While the therapist was friendly, the massage wasn’t great, unfortunately.
The hotel also has a nice indoor lap pool, as well as a gym overlooking the pool.
A few more quick notes about the hotel.
First of all, the crowd at the Hyatt in Dushanbe was so different than the crowd at the Hyatt in Tashkent. The Hyatt Tashkent felt empty, and the only other guests seemed to be a large Chinese tour group. Meanwhile at the Hyatt Dushanbe, almost everyone in the hotel seemed to be a business traveler in a suit. At breakfast we sat next to some American businesspeople, so it was interesting to overhear their conversation.
The hotel has a great location within Dushanbe. In fairness, it’s not that big of a city, and traffic isn’t crazy, so I’m not sure it matters all that much what part of town you’re in. But we were walking distance to the Teahouse, Flagpole, all kinds of parks, and even downtown.
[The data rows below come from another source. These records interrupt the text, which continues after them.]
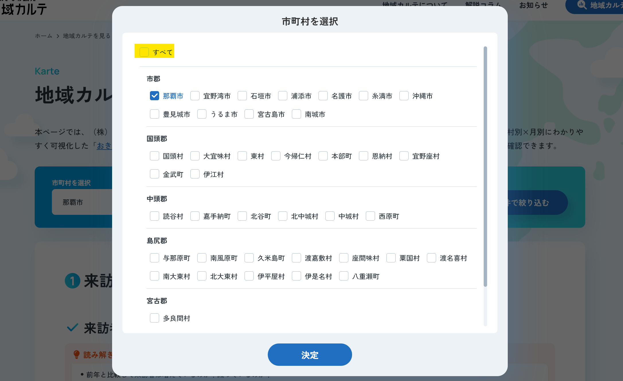 プロトタイプ版では、発地(推定居住都道府県)を県外のみに絞っていましたが、主に離島や北部地域など、県内観光客の可視化を行いたいニーズを受けて、県内も選択できるようになりました。チェックをON/OFFすることで分析対象の市町村を除くことも可能になり、自市町村以外からどれくらい来訪しているか?を知ることができます。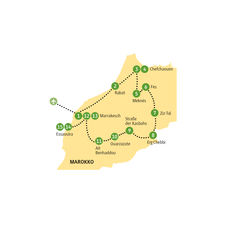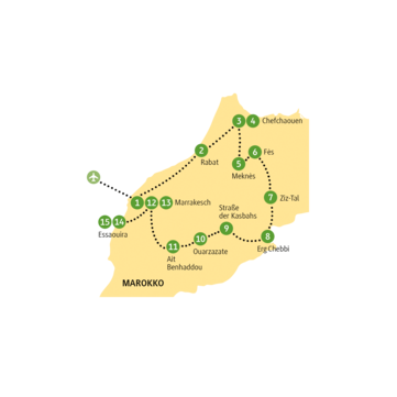 <Marrakesch, auch die »rote Stadt« genannt, heißt dich am Vormittag willkommen. Du unternimmst zunächst eine Erkundungstour durch die Medina, die von einer zwölf Kilometer langen Stadtmauer umgeben ist. Dein Weg führt dich zum Bahia-Palast mit seinem mosaikverzierten Innenhof und zu den prachtvollen Saadier-Gräbern. Die etwa 500 Jahre alte Nekropole wird ebenfalls von Mosaiken, Stuck und Zedernholz geziert. Sieben Sultane und ihre Angehörigen finden hier ihre letzte Ruhe. Architektonisches Wahrzeichen der Stadt ist das 70 Meter hohe Minarett der Koutoubia-Moschee, die wiederum in unmittelbare Nähe zum berühmten Djemaa-El-Fna-Platz liegt. Der Platz ist das Herz der Medina und verändert im Tagesablauf sein Gesicht. Davon kannst du dich in ein paar Tagen selbst überzeugen. Nun ist es jedoch Zeit die Reise fortzusetzen. Es geht weiter nach Casablanca, um der berühmten Hassan-II.-Moschee einen Besuch abzustatten. Die moderne Moschee ist nicht nur das größte Gotteshaus des Landes, sondern auch eine der größten Moscheen der Welt. Der große Vorplatz, das gigantische Minarett und der Atlantik im Hintergrund sind definitiv ein Erinnerungsfoto wert. Etwa 100 Kilometer weiter nördlich liegt hier heutiges Tagesziel Rabat, Landeshauptstadt und aktueller Königssitz.
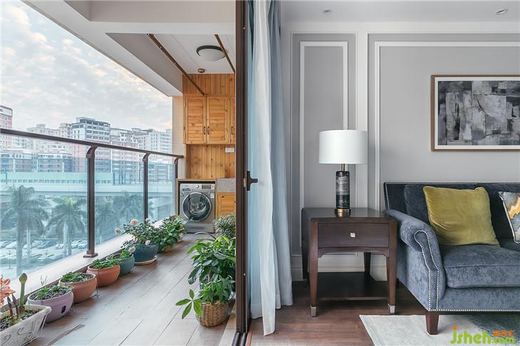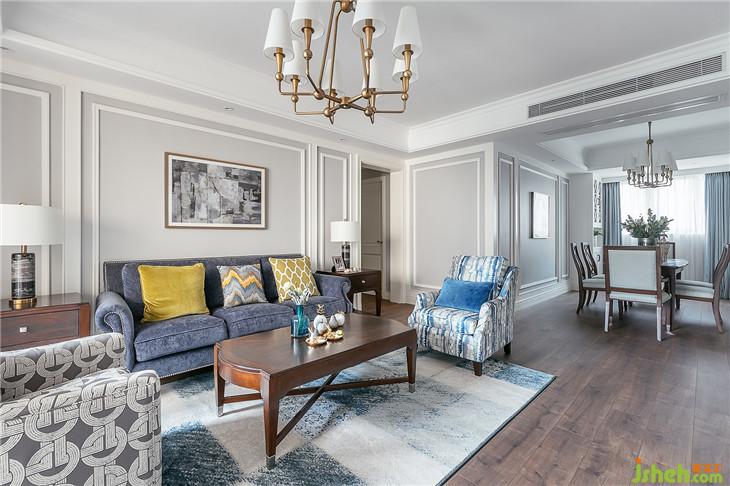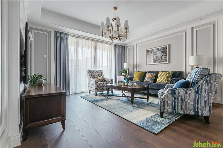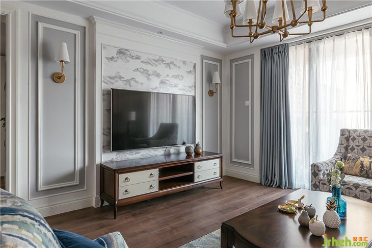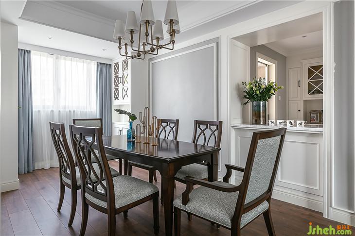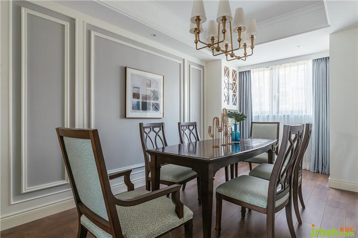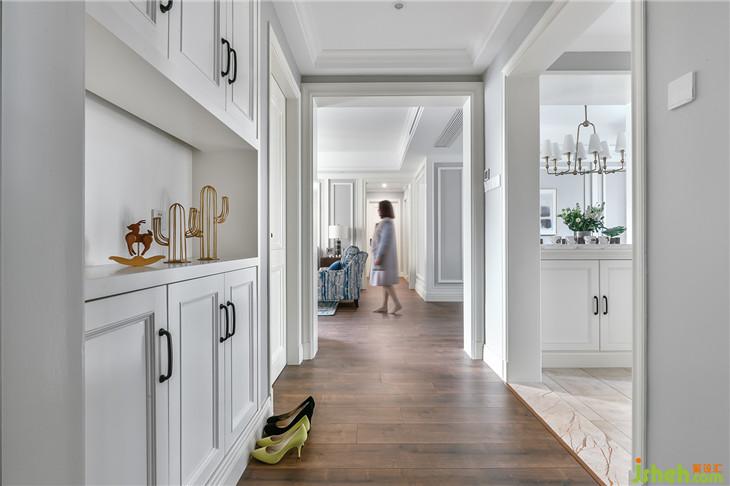设计定位为现代美式风格,整体设计遵循简洁、硬朗、淡雅、沉稳兼跳跃、活泼的主基调,采取中灰度弱对比的搭配,选材都强调突出亚光质感和原木品质。平面布局略做调整,创造出一开门即大开间的通透视野,满足了入户左边的内嵌鞋柜。把厨房小阳台包进中厨加长操作台,进而解放了入户右边区域,增加了水吧区和陈列柜,满足了日常最频繁的烧水喝水以及储放杯子茶叶。餐厅区域增加了两边陈列柜,也是为存放食材而准备。取消一间卧室,将其与主卧连通形成主卧套内衣帽间。全房地面均为进口品牌强化复合地板,客厅墙面为木饰面结合PU线条饰白漆搭配进口品牌有色乳胶漆,其它房间墙面均为进口品牌有色乳胶漆,搭配不同颜色的木器漆的实木柜体或原木家具。任何装饰都不让生活加重,所有设计都能给生活减负,一切所见都是如此日常又平常,不多也不少。

As far as Dushanbe itself goes, I wish we had more time there, but based on the few hours we spent exploring the city, it was a beautiful and clean city. It felt a bit soulless and boring, but that’s probably more a function of us only being there for a short period, rather than a reflection of the city as such. But my biggest takeaways were that it’s clean, safe, and has a lot of monuments (which is largely how I felt about Tashkent as well).
Hyatt Regency Dushanbe
Hyatt Regency Dushanbe bottom line
I enjoyed our brief stay at the Hyatt Regency Dushanbe. The hotel has beautiful rooms, their Globalist treatment is excellent, they have a nice Regency Club, the staff were friendly, etc. Overall I think I preferred the decor and breakfast at the Hyatt Regency Tashkent, while I preferred the Regency Club at the Hyatt Regency Dushanbe.
If you’re a Hyatt loyalist and visiting Dushanbe, I’d highly recommend this place.